*INPUT DATA*.

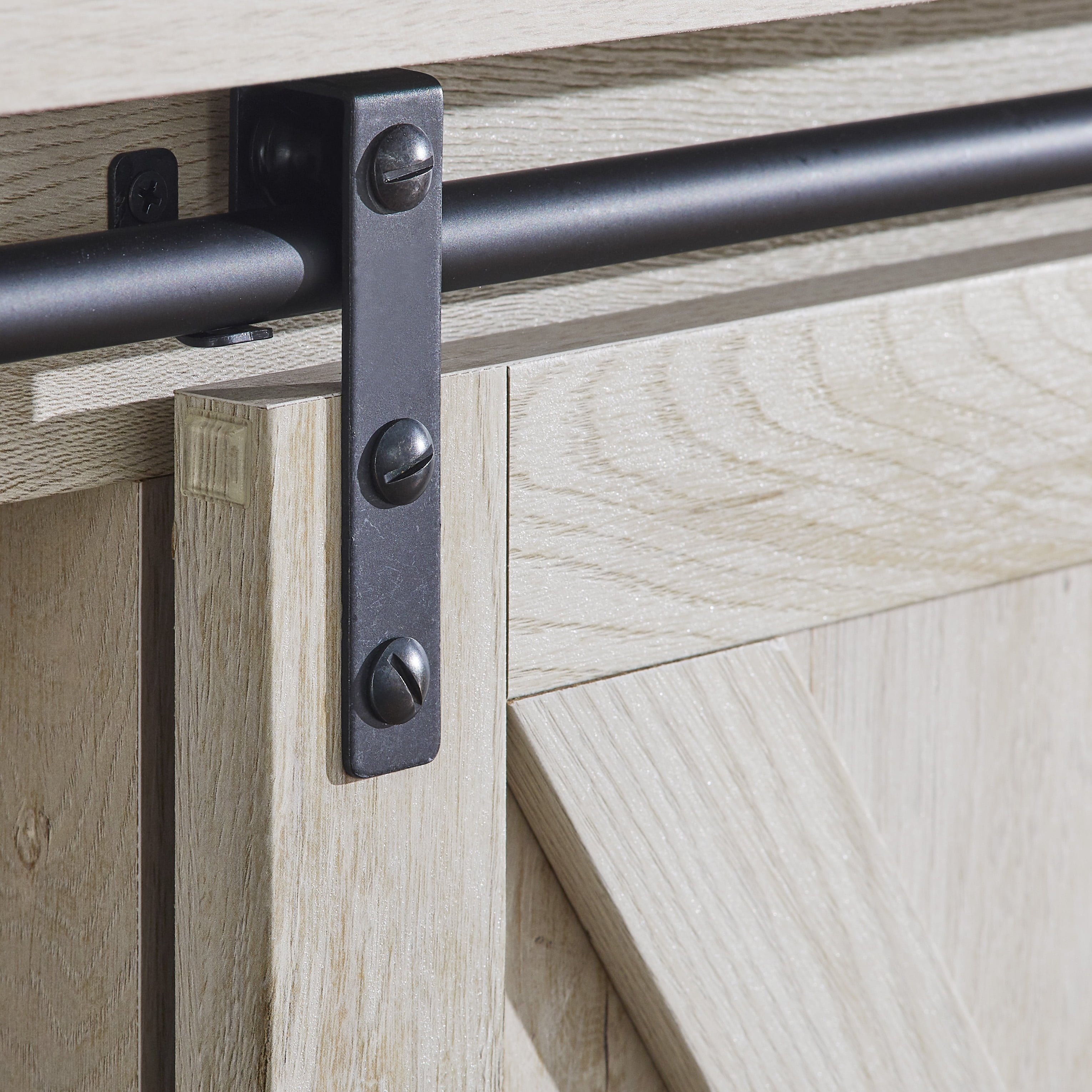 Assembled Dimensions: 62.01″ L x 19.13″ W x 31.77″ H Holds most 60” flat panel TVs up to 70 lbs. Six adjustable shelves Two sliding barn doors Cable management in back panel to avoid clutter Rustic White finish Model #: 427465 Box Dimensions: 68.50″ L x 19.81″ W x 6.13″ H For additional questions or any issues, please contact the manufacturer at 1-800-523-3987. Be sure to check out the Modern Farmhouse collection for more great items!
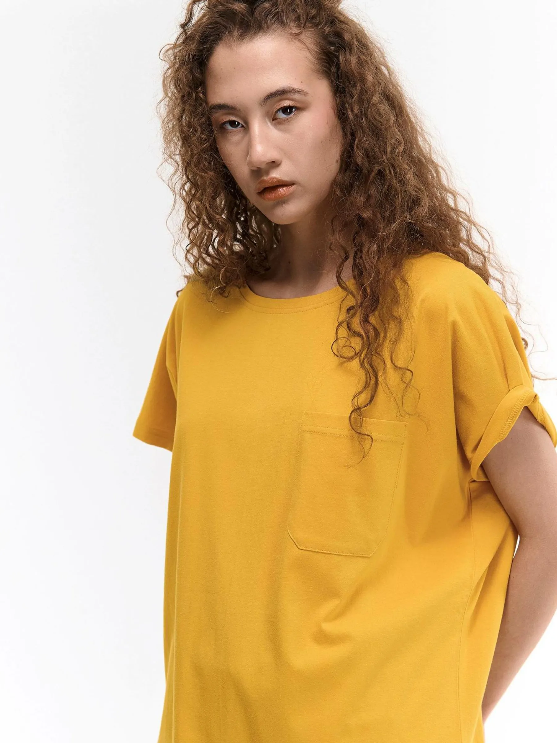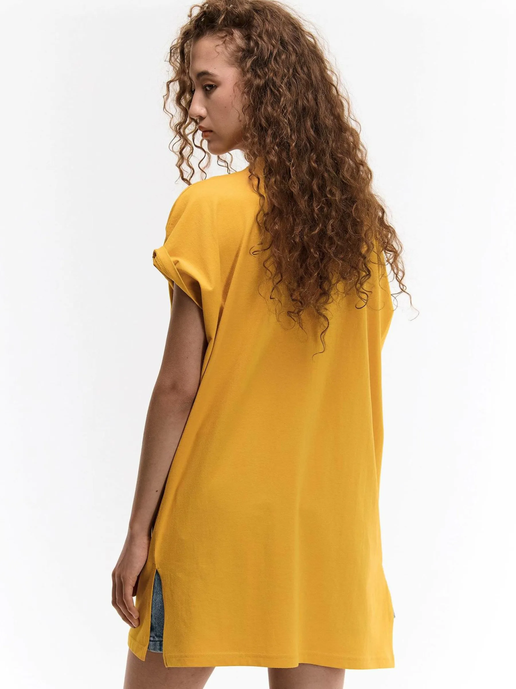 Kolor: żółty, pomarańczowyKrój: regularTyp: koszulkaRekaw: krótki rękawDługość: dlugiePattern style: pojedyncz…
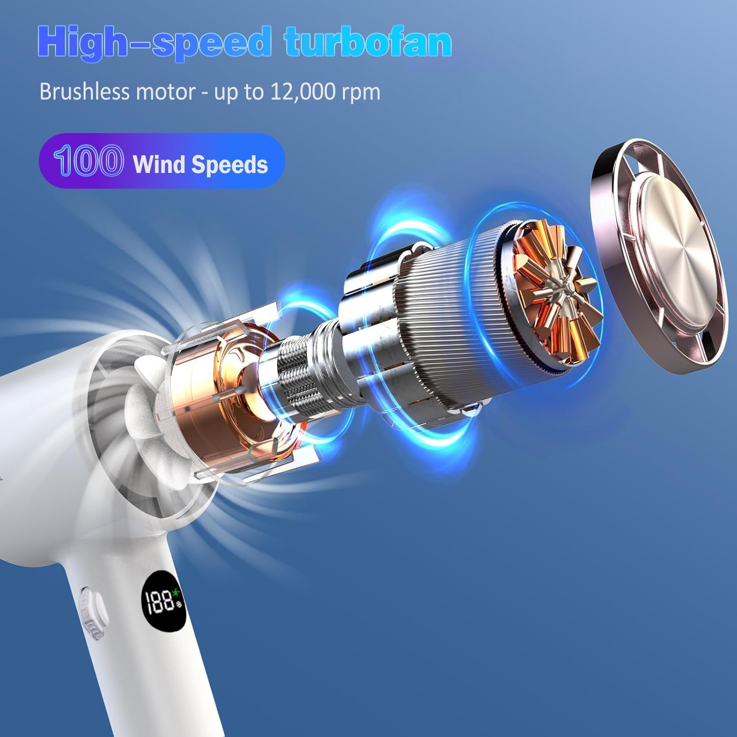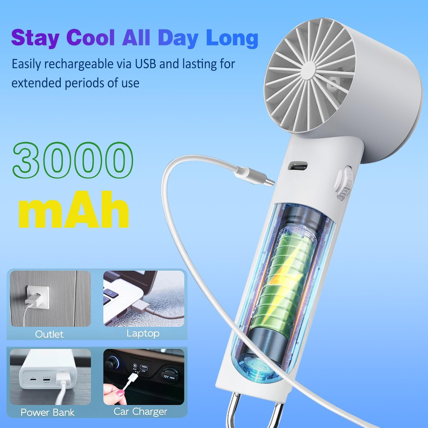 - 【Powerful Brushless Motor】The portable handheld fan is equipped with upgraded brushless motor, which can be up to 12,000 RPM. Provides stronger wind power and faster cooling compared to the traditional small fan. The mini fan can be customized with 1 – 100 wind speeds. can quickly adjust the wind level.

*PROBLEM DETAILS*. Copy every line of the listing above exactly. Leave each picture out.

*COMPLETED EXERCISE*.
 Assembled Dimensions: 62.01″ L x 19.13″ W x 31.77″ H Holds most 60” flat panel TVs up to 70 lbs. Six adjustable shelves Two sliding barn doors Cable management in back panel to avoid clutter Rustic White finish Model #: 427465 Box Dimensions: 68.50″ L x 19.81″ W x 6.13″ H For additional questions or any issues, please contact the manufacturer at 1-800-523-3987. Be sure to check out the Modern Farmhouse collection for more great items!
 Kolor: żółty, pomarańczowyKrój: regularTyp: koszulkaRekaw: krótki rękawDługość: dlugiePattern style: pojedyncz…
 - 【Powerful Brushless Motor】The portable handheld fan is equipped with upgraded brushless motor, which can be up to 12,000 RPM. Provides stronger wind power and faster cooling compared to the traditional small fan. The mini fan can be customized with 1 – 100 wind speeds. can quickly adjust the wind level.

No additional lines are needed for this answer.